View from the porch door
I planted this Persicaria Polymorpha after reading Dan Pearson's advice that planting a big plant in a small space can be exciting. He's right! This is the PP's second year in this position, and I reckon it's doubled in size for this summer. I really love it. I love how imposing it is, I love the flower spikes, and I love how it guards the door like a dog, or a bouncer. I love how good a job it does of bringing the outside in. It's like it's knocking on the door, trying to get through. I also love how you have to interact with it to leave the house, or come into the house. You cannot ignore it. You have to engage with it, even just to push it out the way. It doesn't smell, which is a shame by a doorway, but the Non Climbing Climber rose is on the other stuff and that whiffs something special, so it's okay. I'll be honest - the angle of this pic makes it look sliiiiightly more imposing than it actually is, but only slightly. Here's the truth (NCC visible on the right there):
I call this one: red geum in front of black bin
I didn't think it was possible for anything to make this bin look good, but here we are. The red of the geum actually looks really great against the black of the bin, doesn't it. An absolutely classic colour combination of course, and I'd love to claim to have planned it, but it's a very happy accident. This geum, by the way, came from my Dad (so I don't know the name). It lived in a small crate for a few years, then I split it into four last autumn. One died, one's in a pot, one's in a raised bed, and this one is in the ground. This one's the best by miles. It has the most flowers, strong stems that don't flop in the slightest, and it's been in flowers for weeks already. Dead pleased with it. I've actually planted a nice yellow Geum Lady Stratheden next to it, but the joy of that colour clash perhaps won't arrive until next year.

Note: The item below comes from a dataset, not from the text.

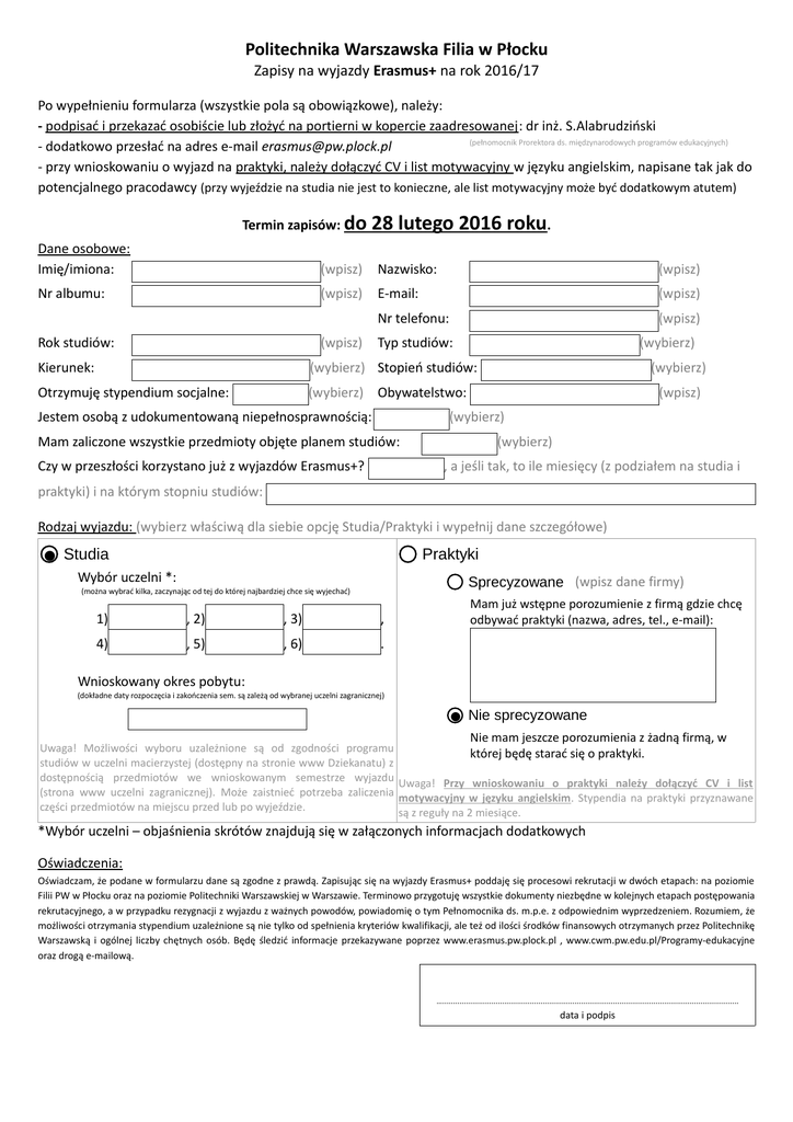 Politechnika Warszawska Filia w Płocku Zapisy na wyjazdy Erasmus+ na rok 2016/17 Po wypełnieniu formularza (wszystkie pola są obowiązkowe), należy: - podpisać i przekazać osobiście lub złożyć na portierni w kopercie zaadresowanej: dr inż. S.Alabrudziński (pełnomocnik Prorektora ds. międzynarodowych programów edukacyjnych) - dodatkowo przesłać na adres e-mail [email protected] - przy wnioskowaniu o wyjazd na praktyki, należy dołączyć CV i list motywacyjny w języku angielskim, napisane tak jak do potencjalnego pracodawcy (przy wyjeździe na studia nie jest to konieczne, ale list motywacyjny może być dodatkowym atutem) Termin zapisów: do 28 lutego 2016 roku. Dane osobowe: Imię/imiona: (wpisz) Nazwisko: (wpisz) Nr albumu: (wpisz) E-mail: (wpisz) Nr telefonu: (wpisz) Rok studiów: (wpisz) Typ studiów: (wybierz) Kierunek: (wybierz) Stopień studiów: Otrzymuję stypendium socjalne: (wybierz) Obywatelstwo: Jestem osobą z udokumentowaną niepełnosprawnością: (wybierz) (wpisz) (wybierz) Mam zaliczone wszystkie przedmioty objęte planem studiów: Czy w przeszłości korzystano już z wyjazdów Erasmus+? (wybierz) , a jeśli tak, to ile miesięcy (z podziałem na studia i praktyki) i na którym stopniu studiów: Rodzaj wyjazdu: (wybierz właściwą dla siebie opcję Studia/Praktyki i wypełnij dane szczegółowe) ● Studia Praktyki Wybór uczelni *: Sprecyzowane (wpisz dane firmy) (można wybrać kilka, zaczynając od tej do której najbardziej chce się wyjechać) 1) , 2) , 3) , 4) , 5) , 6) . Mam już wstępne porozumienie z firmą gdzie chcę odbywać praktyki (nazwa, adres, tel., e-mail): Wnioskowany okres pobytu: (dokładne daty rozpoczęcia i zakończenia sem. są zależą od wybranej uczelni zagranicznej) ● Nie sprecyzowane Nie mam jeszcze porozumienia z żadną firmą, w Uwaga! Możliwości wyboru uzależnione są od zgodności programu której będę starać się o praktyki. studiów w uczelni macierzystej (dostępny na stronie www Dziekanatu) z dostępnością przedmiotów we wnioskowanym semestrze wyjazdu Uwaga! Przy wnioskowaniu o praktyki należy dołączyć CV i list (strona www uczelni zagranicznej). Może zaistnieć potrzeba zaliczenia motywacyjny w języku angielskim. Stypendia na praktyki przyznawane części przedmiotów na miejscu przed lub po wyjeździe. są z reguły na 2 miesiące. *Wybór uczelni – objaśnienia skrótów znajdują się w załączonych informacjach dodatkowych Oświadczenia: Oświadczam, że podane w formularzu dane są zgodne z prawdą. Zapisując się na wyjazdy Erasmus+ poddaję się procesowi rekrutacji w dwóch etapach: na poziomie Filii PW w Płocku oraz na poziomie Politechniki Warszawskiej w Warszawie. Terminowo przygotuję wszystkie dokumenty niezbędne w kolejnych etapach postępowania rekrutacyjnego, a w przypadku rezygnacji z wyjazdu z ważnych powodów, powiadomię o tym Pełnomocnika ds. m.p.e. z odpowiednim wyprzedzeniem. Rozumiem, że możliwości otrzymania stypendium uzależnione są nie tylko od spełnienia kryteriów kwalifikacji, ale też od ilości środków finansowych otrzymanych przez Politechnikę Warszawską i ogólnej liczby chętnych osób. Będę śledzić informacje przekazywane poprzez www.erasmus.pw.plock.pl , www.cwm.pw.edu.pl/Programy-edukacyjne oraz drogą e-mailową. …........................................................................................................................................... data i podpis Zapisy na wyjazdy Erasmus+ na rok 2016/17 Informacje dodatkowe Kwalifikacja odbywa się raz w roku i dotyczy wyjazdów w kolejnym roku akademickim 2016/17 (semestr zimowy lub letni). O wyjazd mogą ubiegać się studenci z pełną rejestracją na studiach prowadzących do uzyskania stopnia/dyplomu licencjata, inżyniera, magistra i doktoranci (w ramach istniejących umów z uczelniami zagranicznymi). Pełna rejestracja oznacza m.in., że student ma zaliczone wszystkie przedmioty objęte programem studiów, a także, że ma pełne prawa studenckie (istotne szczególnie dla osób o innej narodowości niż polska). Warunkowo do kwalifikacji mogą zostać dopuszczone osoby, które nie mają zaliczonego jednego przedmiotu, ale przedstawią oświadczenie o możliwościach organizacyjnych uzyskania zaliczenia do dnia 1 maja 2016 roku, potwierdzone przez prowadzącego przedmiot i/lub inną osobę uprawnioną. Osoby, które spełniają warunki kwalifikacji mogą ubiegać się o wyjazd na studia lub na praktyki. Wyjazd na studia musi zawierać się w okresie objętym planem studiów, a w przypadku wyjazdu na praktyki okres ten jest przedłużony do 12 miesięcy po zakończeniu studiów. Zapisy potrwają od 11.01 do 28.02.2016 roku. W podanym czasie należy złożyć wypełniony i podpisany formularz osobiście (terminy konsultacji zostaną ogłoszone na stronie www.erasmus.pw.plock.pl) lub na Portierni gmachu przy ul. Jachowicza 2. Dodatkowo należy wysłać formularz na adres [email protected]. Plany studiów dostępne są pod adresem: WBMiP - http://www.pw.plock.pl/index.php/Studenci/Dziekanat-WBMiP/Plany-studiow KNES - http://www.pw.plock.pl/Studenci/Sekretariat-KNEiS/Plany-studiow Uczelnie zagraniczne do których można wnioskować wyjazd na studia: Skrót: UBI Nazwa uczelni: Universidade da Beira Interior Miejscowość: Covilhã, Portugalia www: www.ubi.pt Kierunki studiowania: Wszystkie kierunki WBMiP (5 osób/rok przez 1 semestr) Ekonomia (5 osób/rok przez 1 semestr) Skrót: Nazwa uczelni: Skrót: Nazwa uczelni: Miejscowość: www: Kierunki studiowania: Stopień studiów: Skrót: Nazwa uczelni: Miejscowość: www: Kierunki studiowania: Stopień studiów: UL University of Latvia Riga, Łotwa www.lu.lv/eng/istudents/exchange/ Ekonomia (2 osoby/rok przez 1 semestr) 1 Skrót: CULS Nazwa uczelni: Czech University of Life Sciences Miejscowość: Praha, Czechy www: www.czu.cz Kierunki studiowania: Wszystkie kierunki WBMiP (1 i 2 stopień - 1 osoba/rok przez 1 semestr) (3 stopie

Canna get you out of my head
Sometimes it feels like fate when you end up in possession of certain plants. It's not, of course, because fate is nonsense. But it feels like that. If only for a minute. At any given time I have a list of plants in my head that I want but for whatever reason haven't got round to buying yet. Then, when I end up in a place where the exact thing I've been lusting after is for sale, I have no choice but to purchase. Last weekend, on Saturday June 2, I did an Urban Gardening course at Walworth Garden in Southwark, and very good it was too (more to come on this at a later date). The garden operates as a charity, helping people in the local area with horticultural training and therapy, and since current CEO and head gardener Oli has been in charge, it's been operating as a garden centre too. This canna lily was on sale for £10, so I went and bloody bought it didn't I. As you can see from the pic I took it to the pub for a pint of cider, and we had a highly productive chat about exactly what I am expecting from it in the garden. Mostly: garish colour. Excellently, the lady who served me the booze was well into the plant and stroked the red leaves like they were a dog's ears. Once it gets going the flowers will be bright orange, and I'm gonna stick it in a pot on a shelf on a north facing wall that's been painted white, alongside some dahlias, salvias and grasses (also in pots) and see what happens. I am anticipating great vibes.